**WHAT YOU HAVE TO DO**
Nothing outside the lines below from the one containing "Управляйте движением автомобилей, так" through the one containing "2.棉花糖般的柔軟:全新開發" is to be printed; print those exactly, ends included, and drop the pictures.

**AVAILABLE DATA**
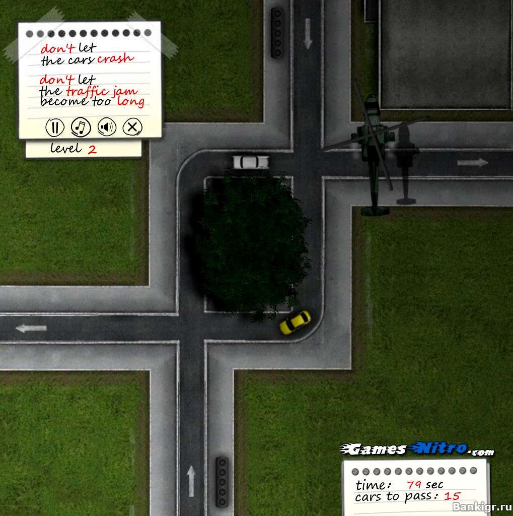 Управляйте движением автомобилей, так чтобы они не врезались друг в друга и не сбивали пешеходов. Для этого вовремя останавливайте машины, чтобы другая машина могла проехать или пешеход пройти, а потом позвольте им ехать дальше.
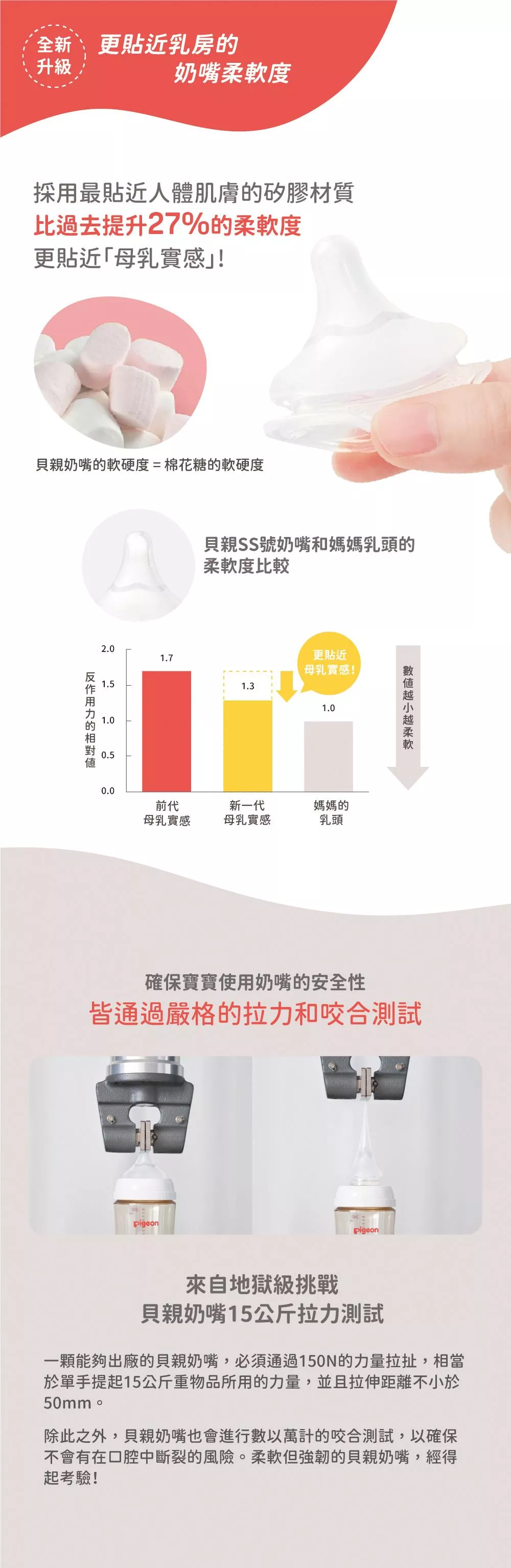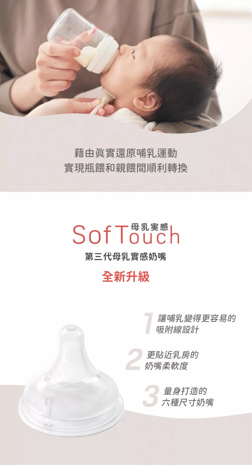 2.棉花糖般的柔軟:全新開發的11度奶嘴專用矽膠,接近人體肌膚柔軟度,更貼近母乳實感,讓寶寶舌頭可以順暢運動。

---

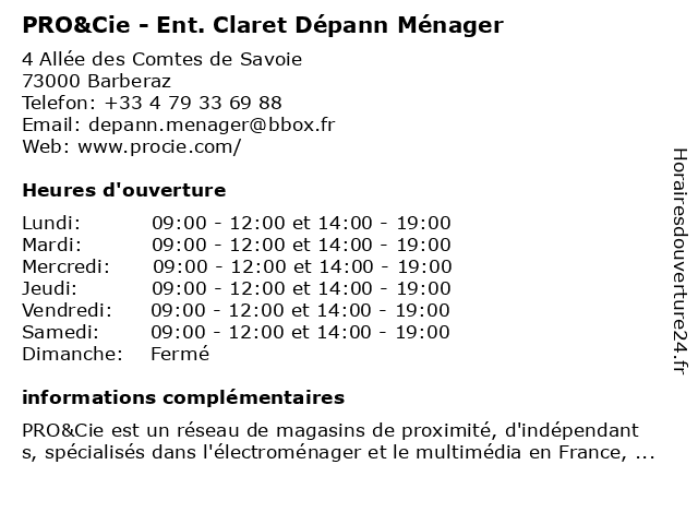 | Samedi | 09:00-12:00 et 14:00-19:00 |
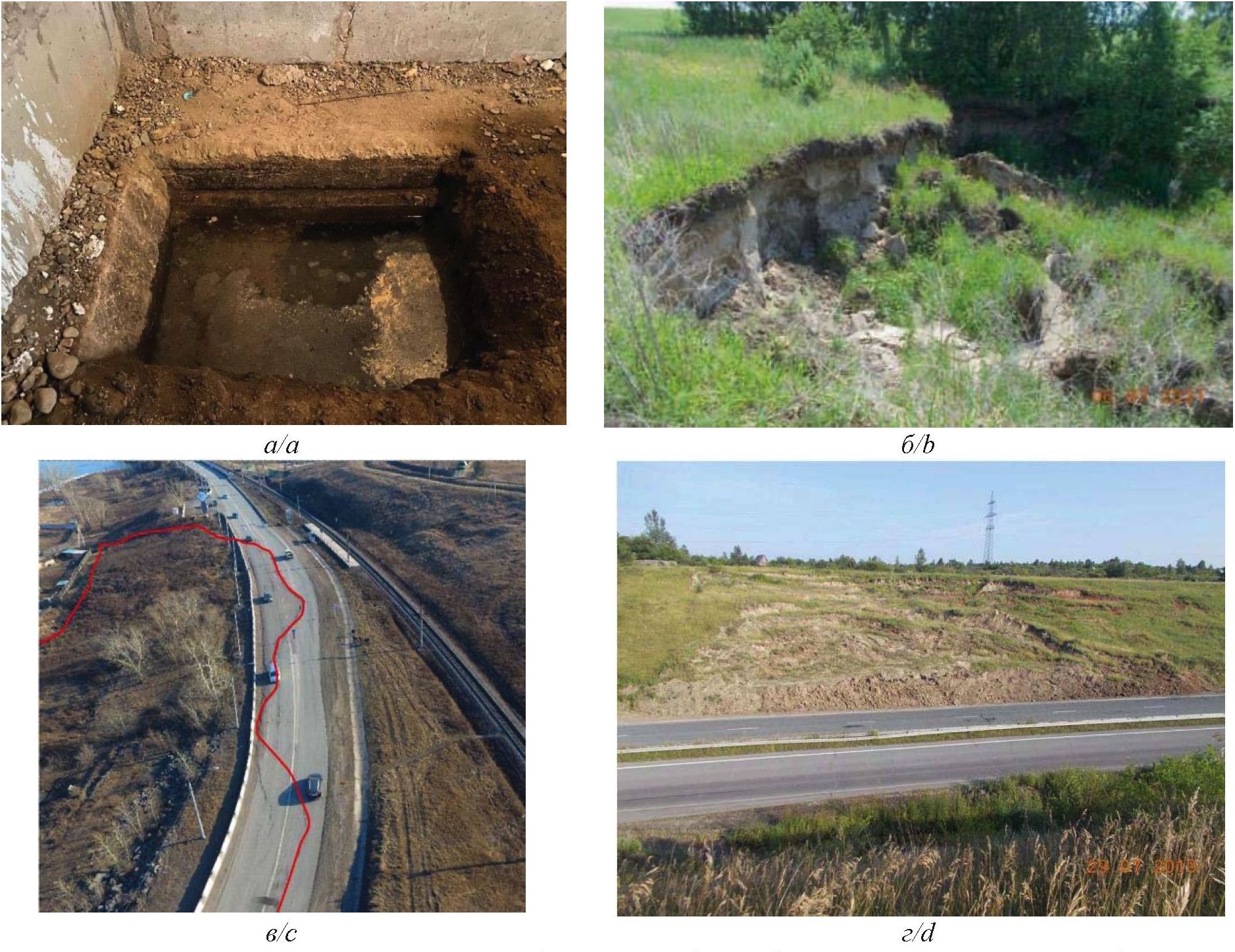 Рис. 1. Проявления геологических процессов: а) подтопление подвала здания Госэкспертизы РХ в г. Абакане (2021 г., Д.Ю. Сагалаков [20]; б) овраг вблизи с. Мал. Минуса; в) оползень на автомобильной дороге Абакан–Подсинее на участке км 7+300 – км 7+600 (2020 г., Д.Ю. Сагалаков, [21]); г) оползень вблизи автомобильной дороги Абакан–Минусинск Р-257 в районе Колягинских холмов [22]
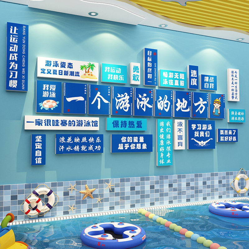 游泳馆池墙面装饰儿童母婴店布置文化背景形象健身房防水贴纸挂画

---

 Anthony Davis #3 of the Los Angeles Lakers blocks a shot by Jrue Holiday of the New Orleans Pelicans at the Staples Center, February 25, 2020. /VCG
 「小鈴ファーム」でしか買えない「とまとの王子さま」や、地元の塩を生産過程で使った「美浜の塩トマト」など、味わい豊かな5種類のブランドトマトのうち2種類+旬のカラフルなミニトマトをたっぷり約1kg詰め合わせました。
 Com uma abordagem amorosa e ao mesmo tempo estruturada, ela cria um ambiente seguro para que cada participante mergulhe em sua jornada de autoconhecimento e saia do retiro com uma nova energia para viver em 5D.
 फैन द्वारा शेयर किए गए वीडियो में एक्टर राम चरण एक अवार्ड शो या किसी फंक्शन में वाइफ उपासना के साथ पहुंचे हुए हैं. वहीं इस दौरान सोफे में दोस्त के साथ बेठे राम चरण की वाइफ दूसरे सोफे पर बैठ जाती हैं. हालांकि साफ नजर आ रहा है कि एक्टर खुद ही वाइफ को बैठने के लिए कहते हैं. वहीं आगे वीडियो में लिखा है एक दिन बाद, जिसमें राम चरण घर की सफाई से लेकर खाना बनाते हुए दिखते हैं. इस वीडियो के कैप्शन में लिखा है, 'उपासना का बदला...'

**PROBLEM SOLUTION**
 Управляйте движением автомобилей, так чтобы они не врезались друг в друга и не сбивали пешеходов. Для этого вовремя останавливайте машины, чтобы другая машина могла проехать или пешеход пройти, а потом позвольте им ехать дальше.
 2.棉花糖般的柔軟:全新開發的11度奶嘴專用矽膠,接近人體肌膚柔軟度,更貼近母乳實感,讓寶寶舌頭可以順暢運動。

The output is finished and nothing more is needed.